Алферов не являлся со своими сообщениями. Елизавета Петровна ходила в тревожном состоянии духа. Долинский и Селезнев не беспокоили ее вопросами и не возвращались к загадочному разговору о полученных ею сведениях.
В их уме даже появилась роковая мысль, что молодая девушка тронулась в уме.
Они оба продолжали свои розыски в Москве, бывая всюду, где собиралась публика.
Сентябрь в этом году стоял великолепный.
Погода была чисто летняя, теплая.
Сад «Эрмитаж» и Петровский парк по вечерам кишели публикой.
К последнему по Тверской улице тянулись длинною лентою всевозможные экипажи.
Однажды, вернувшись вечером домой, Долинский и Селезнев зашли по обыкновению в номер Елизаветы Петровны.
— Отгадайте, кого мы видели, Елизавета Петровна? — воскликнул Сергей Павлович.
— Не мастерица, — отвечала молодая девушка, грустно улыбаясь.
— Ну, так слушайте. Мы сейчас из Петровского парка. Экипажей там и дам целые миллионы. Богатство — умопомраченье. Красавиц — не перечесть… Вдруг вижу несется коляска, которой позавидовала бы любая владетельная особа: кучер и лакей — загляденье, кони — львы.
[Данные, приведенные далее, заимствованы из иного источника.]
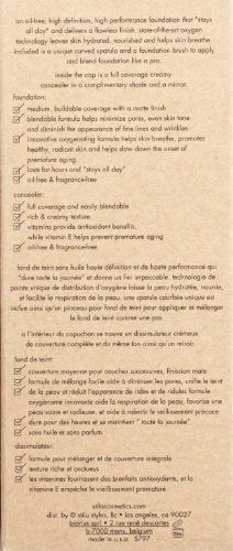An oil-free, high definition, high performance foundation that "stays all day" and delivers a flawless finish. Unique oxygen technology leaves skin hydrated, nourished and helps prevent premature aging. This foundation glides onto skin, immediately going to work to help minimize skin blemishes and imperfections. This dreamy formula glides onto skin and immediately goes to work to help minimize skin blemishes and imperfection. It is also enriched with an array of skin loving ingredients, and unlike other long-wearing formulas, includes a synergistic combination of botanical extracts that have been shown to help enhance circulation and blood flow, resulting in an increase of oxygen being delivered to the skin and letting skin breathe. These innovative extracts also help to slow down the onset of premature aging and promote healthy, hydrated and vibrant skin. This multi-tasker also contains a creamy, full coverage concealer cleverly hidden inside the cap (along with a handy mirror) that instantly hides blemishes, dark circles and age spots creating an impeccable canvas for flawless makeup application. Product also comes with a spatula and brush for ease of application.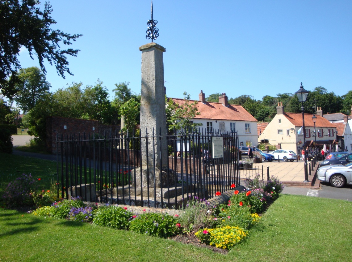 From The Cottage head down Cross Hill, passing the War Memorial and landscaped open area looked after by the Parish Council and Hunmanby in Bloom.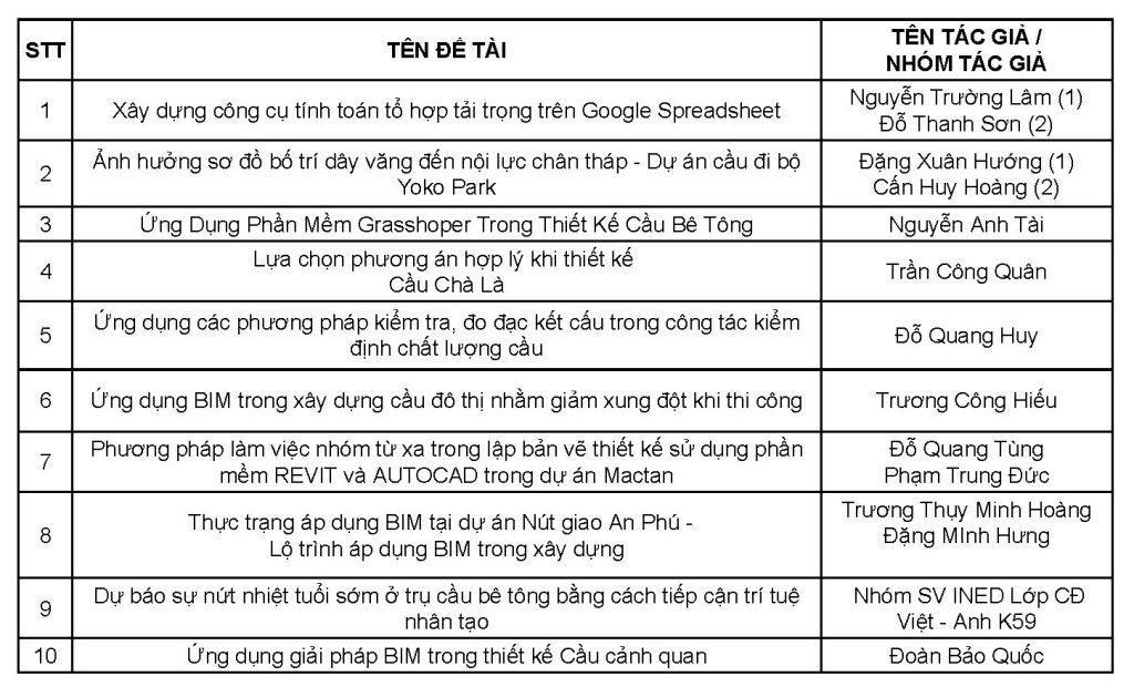 Về phần các đề tài nghiên cứu, hội thảo quy tụ 10 nhóm tác giả tham gia trình bày, các chủ đề nghiên cứu đa dạng có liên quan mật thiết đến lĩnh vực hoạt động của hai công ty CKJVN, HPEC cũng như chương trình đào tạo của trường đại học GTVT.

А в коляске сидят две дамы — одна, точно сказочная царица, другая поскромнее… Поровнялись они с нами, и… о, боги!.. Вторая оказалась Любовь Аркадьевной!
— Вы с ней говорили? — вскочила с кресла, на котором сидела, Дубянская.
— То-то же, что нет… Сергей так загляделся на первую, что не заметил сестры… Я тоже совершенно растерялся, а в это время коляска была уже далеко… Мы исколесили весь парк, но более их не встречали… Утешительно одно, значит Неелов и Любовь Аркадьевна в Москве.
— Я же вам говорила.
— Но кто эта красавица, которая с ней? — задумчиво произнес Сергей Аркадьевич.
— И это я знаю, — просто сказала Елизавета Петровна.
— Вы… знаете?.. — в один голос спросили молодые люди и невольно переглянулись друг с другом.
— Знаю… Это — шансонетная певица Мадлен де Межен — невеста Савина.
— Откуда же у вас, однако, эти сведения? — серьезно спросил Сергей Павлович.
— Птица на хвосте принесла.
— Вы шутите!
— Я не шучу… Какое вам дело, откуда эти сведения, если они верны!
— Значит, и Савин здесь?
— Здесь.
— В таком случае, дело упрощается… Завтра же я разыщу Николая Герасимовича и через него найду и Неелова, и Любовь Аркадьевну, — сказал Долинский.
— Но как же ты разыщешь его? — спросил Селезнев;
— Очень просто… Он, несомненно, живет прописанный, ему нечего теперь скрываться…
— А кто же эта Мадлен де Межен? Его невеста?
— Ну, если хочешь, невеста… Он живет давно с ней… Эта связь началась еще за границей… Она его безумно любит, и эта любовь побудила ее приехать в Россию в качестве шансонетной звезды… Она дожидалась его освобождения, и теперь они снова вместе…
— Однако, это все-таки не особенно подходящее общество для моей сестры, — сквозь зубы проговорил Селезнев.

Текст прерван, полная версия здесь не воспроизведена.